Baca Juga: Dalih Sayang, Kronologi Guru Les Silvia Culik Anak Murid Berusia 9 Tahun

Tak patah arang, ia pun banting setir lantaran skill basic yang dimiliki tidak lagi bisa menghasilan pundi-pundi rupiah.

Sekarang, ia mencoba menapakai untuk menjadi petani. Jangan salah, bukan seperti petani kebanyakan. Lebih tepatnya bertani tumbuhan air untuk kebutuhan seni menata akuarium atau yang dikenal dengan aquascape.

“Bertani tumbuhan air di rumah. Enaknya usaha ini gak memakan lahan dan bisa dilakukan di dalam rumah,” bebernya.

Setelah mengetahui dasar-dasar merawat tumbuhan air, selama dua bulan. Ulum pun menyulap lantai rumahnya menjadi lahan bercocok tanam, tentunya di dalam akuarium atau tank biasa hobbies menyebutnya.

“Saya intens belajar aquascape, khususnya tanaman air kurang lebih dua bulan. Itu fokus dan continue ya. Sebelumnya saya penghobi juga soalnya,” jelasnya.

Dikatakan, bisnis tanaman aquascape cukup menggiurkan. Mengingat pangsa pasarnya luas. Selain itu, banyak penghobi baru selama pagebluk melanda Indonesia. Sehingga pundi-pundi rupiah pun mengalir ke kantong.

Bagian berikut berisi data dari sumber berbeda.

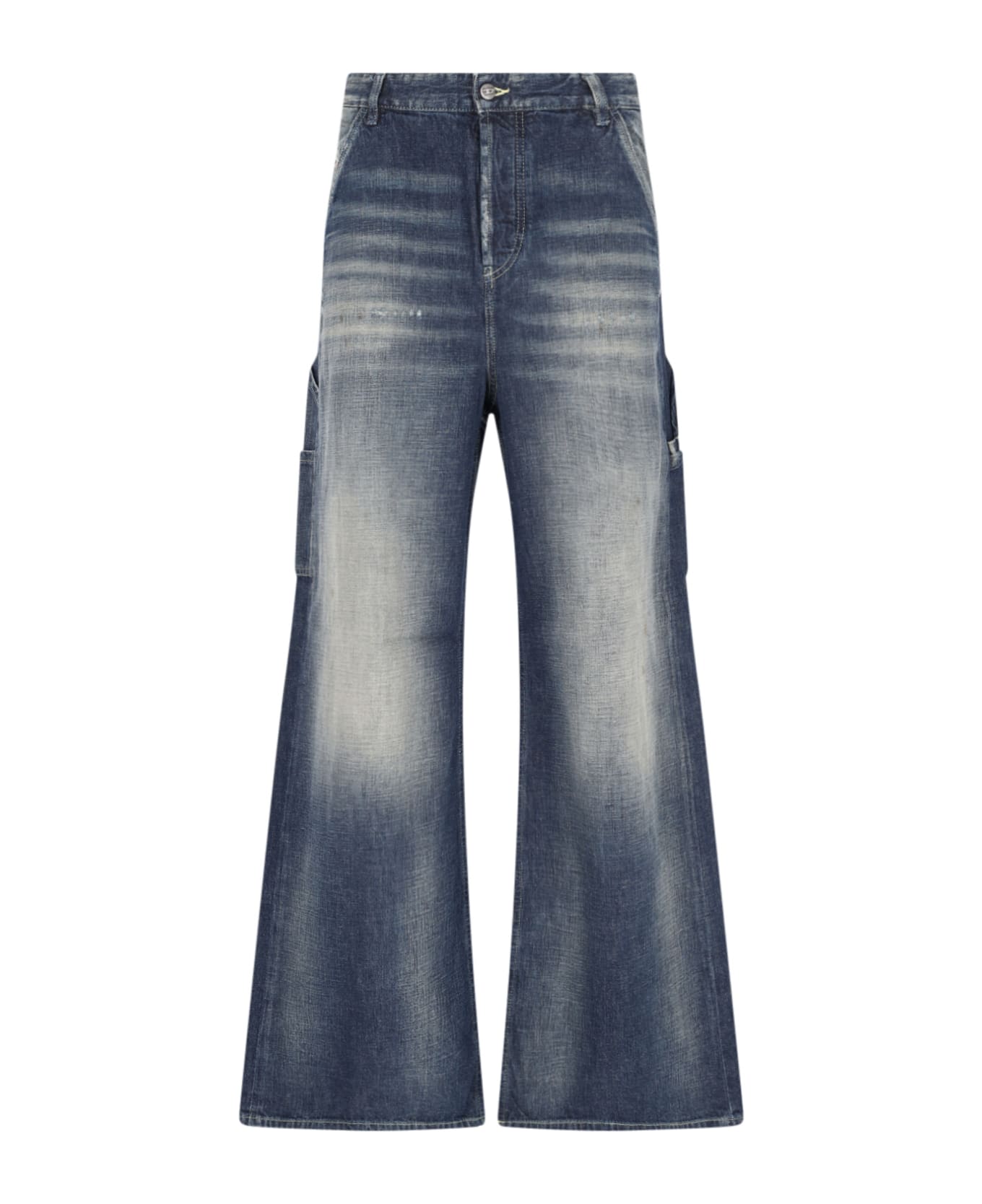 Diesel '1996 D-Sire' blue denim jeans with distressed wash, low waist, belt loops, button closure, two side pockets, side hammer loop, side patch panel, beige logo patch on the back, two back pockets, flared leg. Composition: 100% Cotton

“Pasarnya seluruh Indonesia ya. Kita jualnya secara online, bisa melalui media sosial ataupun online shop,” ungkapnya.

Harga setiap tanaman yang dijualnya bervariasi, mulai dari yang termurah Rp15.000 per pot, hingga Rp150.000 per rizom.

“Memang sekilas kelihatan sepele, tetapi kalau gak diniati ya gak jadi. Kita dituntut tahu, jenis tumbuhan serta karakternya, daya lampu, inject CO2, cuaca, soil, pupuk, hardscape dan tentunya kualitas dan PH air,” paparnya.

Musuh terbesar scaper, disebutnya adalah algae. Jenis lumut ini biasanya muncul ketika faktor pencahayaan dan temperatur air kurang pas.

“Solusinya sesuaikan pencahayaan, dikasih pula pembasmi alga. Karena kalau dibiarkan tumbuhan akan mati,” ucapnya.

Saat ini, hampir semua jenis tumbuhan air dikembangkan di farm-nya. Dimulai dari aneka moss, jenis-jensi anubias, buchepalandra, dan bermacam tanaman stemplant.